Particularly, a U-shaped recess is provided as guiding means for the perforated disk 17 and/or arranged closer to the upper side of the rotation locking device 16 - thus being asymmetric. This enables a very easy pushing over and insertion of the wedge.
For assembly of a new level of the shoring tower 5, a side railing 1 is put on with the hook 11 of a claw 4 in a block guide entry 13 under an angle of 45 degree - thus from inside the shoring tower - and the side railing 1 is straighten up until the claw 4 falls by itself into the block guide 3. Subsequently, the side railing 1 is rotated by 45 degree respectively until the end stop towards outside, preferably counterclockwise, until (slightly) beyond the outer border of the shoring tower 5.
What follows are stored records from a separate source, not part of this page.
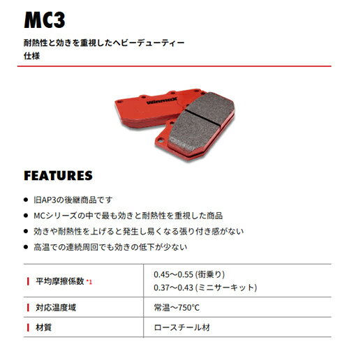 ↓各シリーズへのリンクはこちら↓ 商品説明 ・WinmaXのブレーキパッド MINI CIRCUIT、MC3-846です。 ●MINI CIRCUITシリーズ ・ミニサーキット走行での車速、ロータ温度域、ブレーキ踏力(ブレーキ液圧)等の走行条件に合わせた材質設計をしています。 ・リリースコントロール性に優れるロースチール材を採用しハイグリイプラジアルタイヤとのマッチングも考慮したミニサーキット走行に最適なブレーキパッドです。 ●MC3 ・耐熱性と効きを重視したヘビーデューティー仕様。 ・[ARMAシリーズ AP3] の後継商品です。 ・MCシリーズの中で最も効きと耐熱性を重視した商品です。 ・効きや耐熱性を上げると発生し易くなる張り付き感がありません。 ・高温での連続周回でも効きの低下が少ないです。 ●商品仕様 平均摩擦係数:0.45~0.55(街乗り)、0.37~0.43(サーキット) 対応温度域:常温~750℃ 材質:ロースチール材 ※摩擦係数はWinmaX独自のダイナモ試験結果の数値であり、他メーカー商品の摩擦係数とは比較出来ません。 ※MC、FC、ERシリーズの摩擦係数は、サーキット走行を想定したダイナモ試験コードでの結果のため、STシリーズとの摩擦係数の比較はできません。↓適合情報↓ ↓本ページと同一適合の商品(シリーズ別)↓ ※画像はイメージです。※詳細な適合につきましては適合情報の案内よりご確認ください。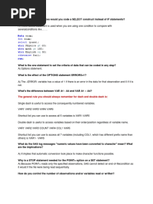When to Use SELECT vs IF in SASPDFWhen to Use SELECT vs IF in SASAdded by Siva Nunna0 ratingsfunction cn(e,t){var n=e+t;return n<=0?0:Math.round(e/n*100)}% found this document usefulSave When to Use SELECT vs IF in SAS for later
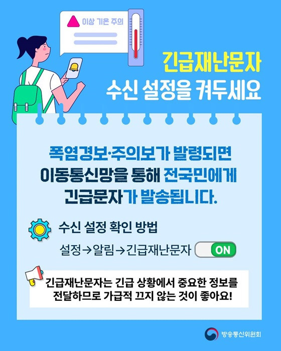 - 📱 긴급재난문자는 반드시 수신 설정 ON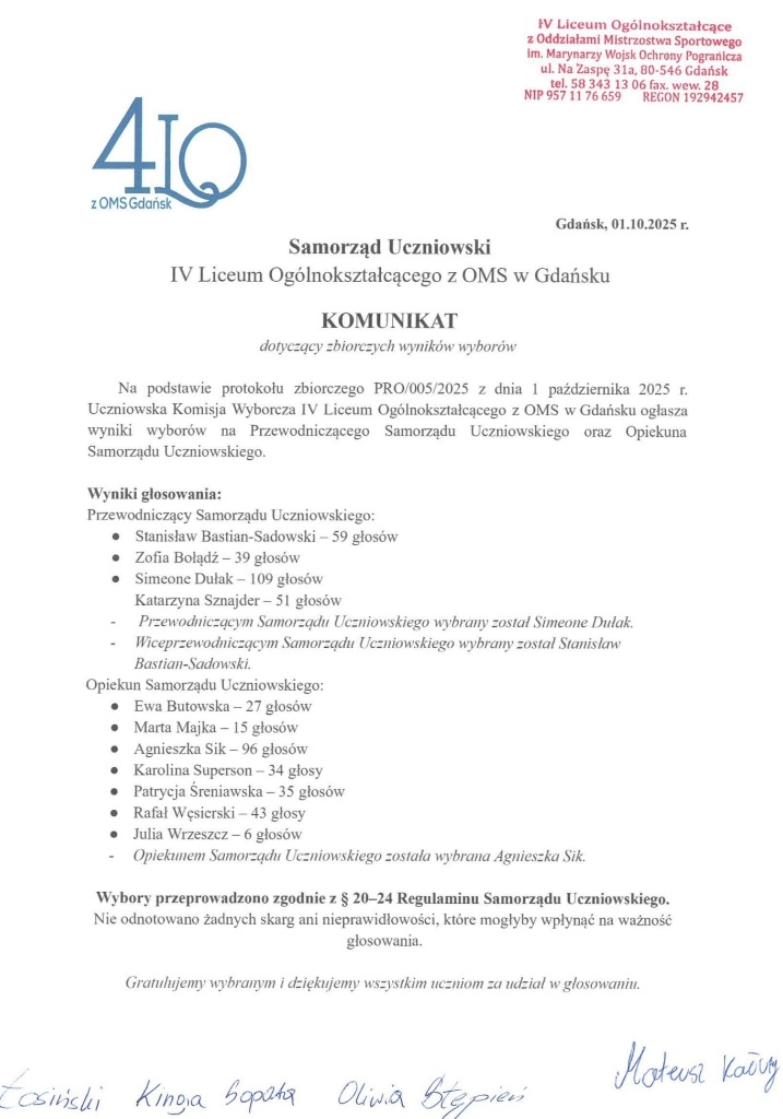 Uczniowska Komisja Wyborcza ogłosza oficjalne wyniki głosowania z dnia 01.10.2025 r.
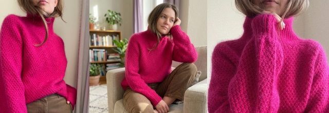 На фотографиях свитер Poppo связан из Pura Lana цвет Candy (432) и Kid Seta цвет Ultrapink (1108).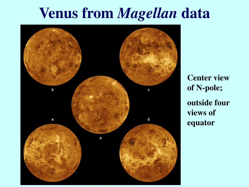 Venus from Magellan data Center view of N-pole; outside four views of equator

Subsequently, the next side railing 1, preferably counterclockwise to the neighboring previously mounted (connected) side railing 1 of the present shoring level, is put with the claw 4 on the block guide 3 of the one level lower arranged side railing 1 or base frame 18 or entry side railing 19. The above described assembly procedure is repeated also for the new side railing 1. A different results in that at the end of the rotation motion until respectively shortly before the end stop, the rotation locking device 16 is pushed by itself over the perforated disk 17 of the previously mounted (connected) side railing 1. Finally, the wedge has just to be guided through the openings of the rotation locking device 16 and the perforated disk 17 and eventually be fixated by hammering. This procedure is repeated for the remaining two side railings 1 of the shoring level to be assembled. A new shoring level can thereby be built very fast and easily until the shoring tower 5 as reached the intended height.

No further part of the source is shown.